Yes, but there is one nice trick: if you have lazy value, and during first time evaluation it will get an exception, next time you'll try to access it will try to re-evaluate itself.
Here is example:
scala> import io.Source
import io.Source
scala> class Test {
| lazy val foo = Source.fromFile("./bar.txt").getLines
| }
defined class Test
scala> val baz = new Test
baz: Test = Test#ea5d87
//right now there is no bar.txt
scala> baz.foo
java.io.FileNotFoundException: ./bar.txt (No such file or directory)
at java.io.FileInputStream.open(Native Method)
at java.io.FileInputStream.<init>(FileInputStream.java:137)
...
// now I've created empty file named bar.txt
// class instance is the same
scala> baz.foo
res2: Iterator[String] = empty iterator

Yes, though for the 3rd one I would say "when that statement is executed", because, for example:
def foo() {
new {
val a: Any = sys.error("b is " + b)
val b: Any = sys.error("a is " + a)
}
}
This gives "b is null". b is never evaluated and its error is never thrown. But it is in scope as soon as control enters the block.

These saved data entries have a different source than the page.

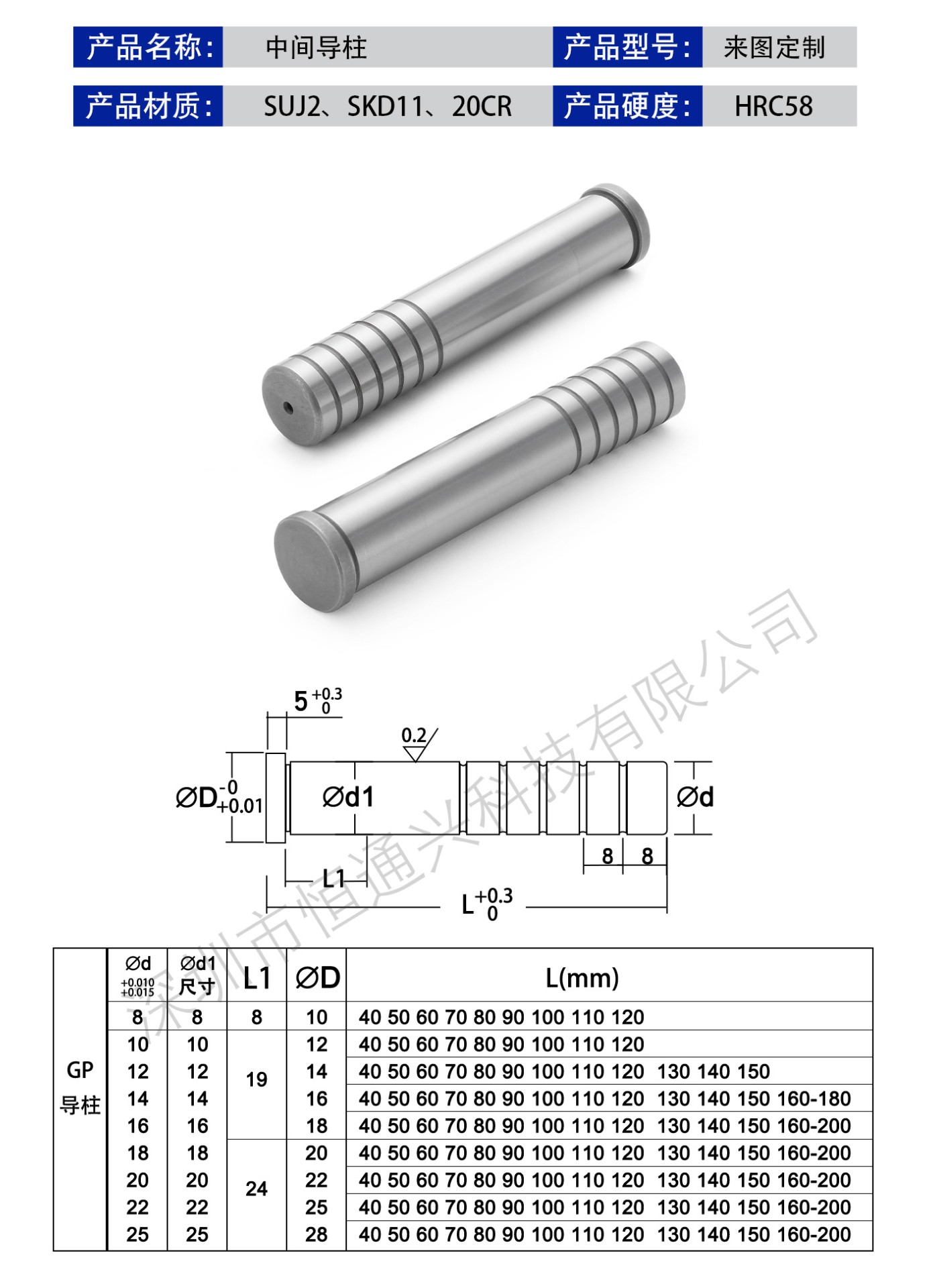 恒通興21年專注導柱導套生產加工,中間導柱標準現貨規格齊全,海量庫存,非標可按圖定制,一站加工服務,讓您省錢省心。
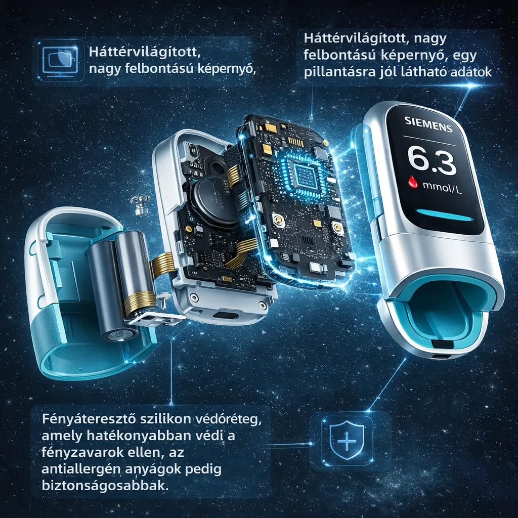 A foton chip technológia és az optikai abszorpciós spektrum mérési folyamata révén a készülék rendkívül precíz vércukorszint-értékeket ad.
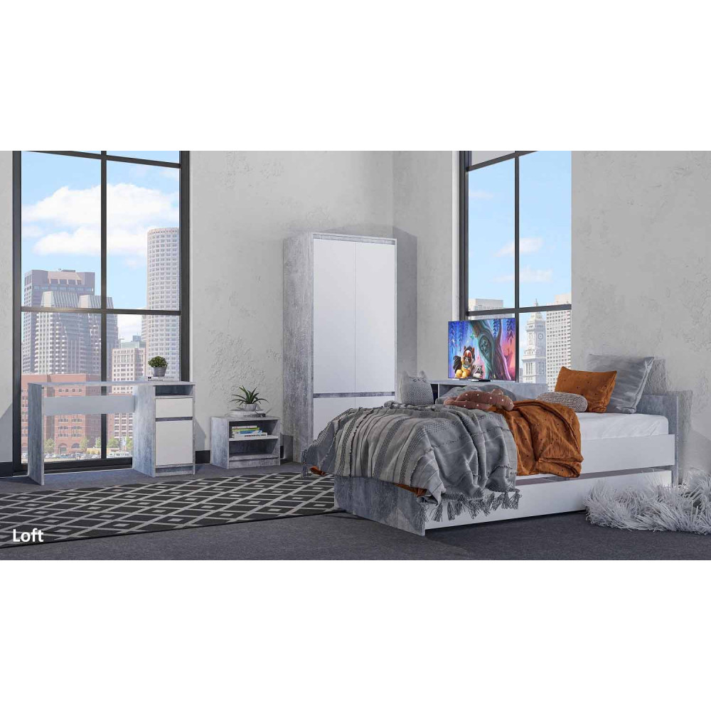 Шафа для одягу з колекції "Лофт" — це стильний і функціональний елемент для зберігання речей, який ідеально підійде для сучасного інтер'єру. Розмір шафи — 90x206x56 см, що забезпечує достатньо місця для зберігання одягу та інших речей. Каркас шафи виконаний із високоякісного ДСП, що гарантує довговічність і стійкість до зносу.

I would like to explain the differences through the example that i executed in REPL.I believe this simple example is easier to grasp and explains the conceptual differences.
Here,I am creating a val result1, a lazy val result2 and a def result3 each of which has a type String.
A). val
scala> val result1 = {println("hello val"); "returns val"}
hello val
result1: String = returns val
Here, println is executed because the value of result1 has been computed here. So, now result1 will always refer to its value i.e "returns val".
scala> result1
res0: String = returns val
So, now, you can see that result1 now refers to its value. Note that, the println statement is not executed here because the value for result1 has already been computed when it was executed for the first time. So, now onwards, result1 will always return the same value and println statement will never be executed again because the computation for getting the value of result1 has already been performed.
B). lazy val
scala> lazy val result2 = {println("hello lazy val"); "returns lazy val"}
result2: String = <lazy>
As we can see here, the println statement is not executed here and neither the value has been computed. This is the nature of lazyness.
Now, when i refer to the result2 for the first time, println statement will be executed and value will be computed and assigned.
scala> result2
hello lazy val
res1: String = returns lazy val
Now, when i refer to result2 again, this time around, we will only see the value it holds and the println statement wont be executed. From now on, result2 will simply behave like a val and return its cached value all the time.
scala> result2
res2: String = returns lazy val
C). def
In case of def, the result will have to be computed everytime result3 is called. This is also the main reason that we define methods as def in scala because methods has to compute and return a value everytime it is called inside the program.
scala> def result3 = {println("hello def"); "returns def"}
result3: String
scala> result3
hello def
res3: String = returns def
scala> result3
hello def
res4: String = returns def

One good reason for choosing def over val, especially in abstract classes (or in traits that are used to mimic Java's interfaces), is, that you can override a def with a val in subclasses, but not the other way round.
Regarding lazy, there are two things I can see that one should have in mind. The first is that lazy introduces some runtime overhead, but I guess that you would need to benchmark your specific situation to find out whether this actually has a significant impact on the runtime performance. The other problem with lazy is that it possibly delays raising an exception, which might make it harder to reason about your program, because the exception is not thrown upfront but only on first use.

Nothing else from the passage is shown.